Muitos dos que estão de armas nas mãos têm instrução superior ou são universitários e estudantes secundários. Ao nosso lado estão os operários e camponeses esclarecidos. Há pessoas de diferentes matizes políticos e religiosos, inclusive católicos. Todos eles poderiam viver comodamente e desfrutar da paz, o conforto e o bem-estar em seus lares. Fiéis, porém, à sua consciência, escolheram o caminho da luta, preferiram morar na selva, passar fome, dormir ao relento e, se necessário, sacrificar a vida, a se calar diante de um regime que infelicita o país há mais de oito anos. Os que se portam deste modo agem como milhares e milhares de brasileiros que, nas cidades, combatem o jugo dos generais e de um punhado de ricaços nacionais e estrangeiros.
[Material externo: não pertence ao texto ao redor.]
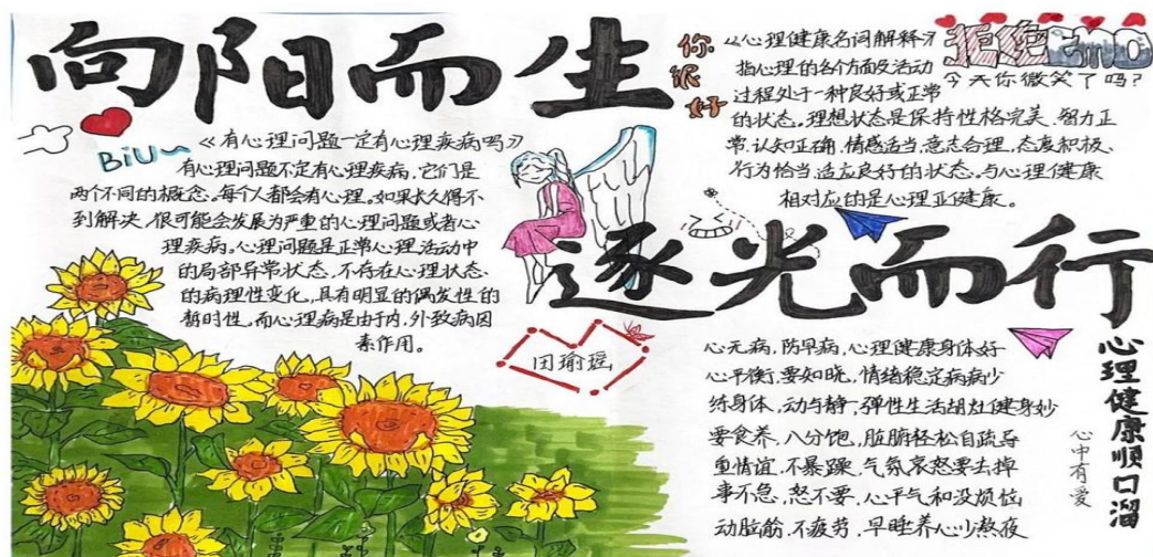
图 8 学生心理健康主题绘画作品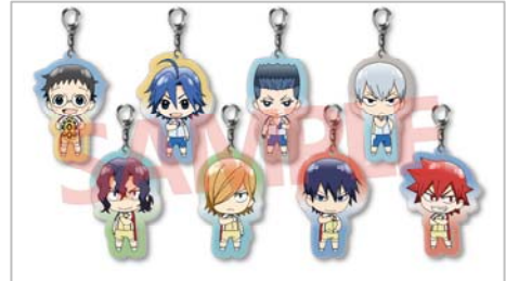
△アクリルキーホルダー

Vão ao encontro dos mais legítimos anseios do nosso povo que aspira à liberdade e não quer viver sob o tacão da ditadura.
Com este pensamento, os combatentes que empunham armas na selva amazônica organizaram um movimento para dirigir a resistência armada contra a ditadura e para conquistar um governo verdadeiramente popular, autenticamente democrático e livre da tutela dos monopólios internacionais, principalmente norte-americanos. Fundaram a União pela Liberdade e Direitos do Povo, cujo programa é a sua bandeira de luta. Permitimo-nos enviar-lhe o manifesto que lança este movimento para que V. S. se inteire plenamente de nossos objetivos ao enfrentarmos, com decisão e coragem, as forças repressivas do governo.
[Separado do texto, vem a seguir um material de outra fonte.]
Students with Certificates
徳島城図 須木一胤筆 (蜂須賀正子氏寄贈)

Estamos convencidos de que nossa causa é justa e certos de que a simpatia da esmagadora maioria da população está ao nosso lado. Não é ocasional, o fato de a ditadura baixar pesada cortina de silêncio, através de férrea censura à imprensa, ao rádio e à televisão, sobre os acontecimentos que ora se verificam no sul do Pará. É o temor de que o exemplo frutifique. Nada, porém, poderá deter a avalanche da revolta popular contra a tirania. A chama da rebelião para pôr abaixo a ditadura foi acesa no Araguaia e, como o decorrer do tempo, alastrar-se-á por todo o Brasil.
Sejam quais forem as vicissitudes que teremos de passar – a fome e o cansaço; os ferimentos, as doenças e a morte; a prisão e a tortura – não arriaremos nossa bandeira. Ninguém poderá abafar as profundas e arraigadas aspirações de liberdade do povo brasileiro, do qual somos legítimos representantes. Onde há opressão sempre há de existir resistência e luta. As causas justas, mais dia menos dia, triunfam. Hoje, em nosso país combate-se e morre-se pela liberdade. Por tudo isso, não será em vão o sacrifício e o sangue derramado por milhares de jovens desprendidos e abnegados para conquistar a democracia e para instaurar um regime que ampare todos os brasileiros.
Queira aceitas as nossas mais respeitosas saudações.
De algum lugar das matas amazônicas, 20 de julho de 1972.
José Carlos, João Borges (Joca), Roberto Peti (Beto) e Luís.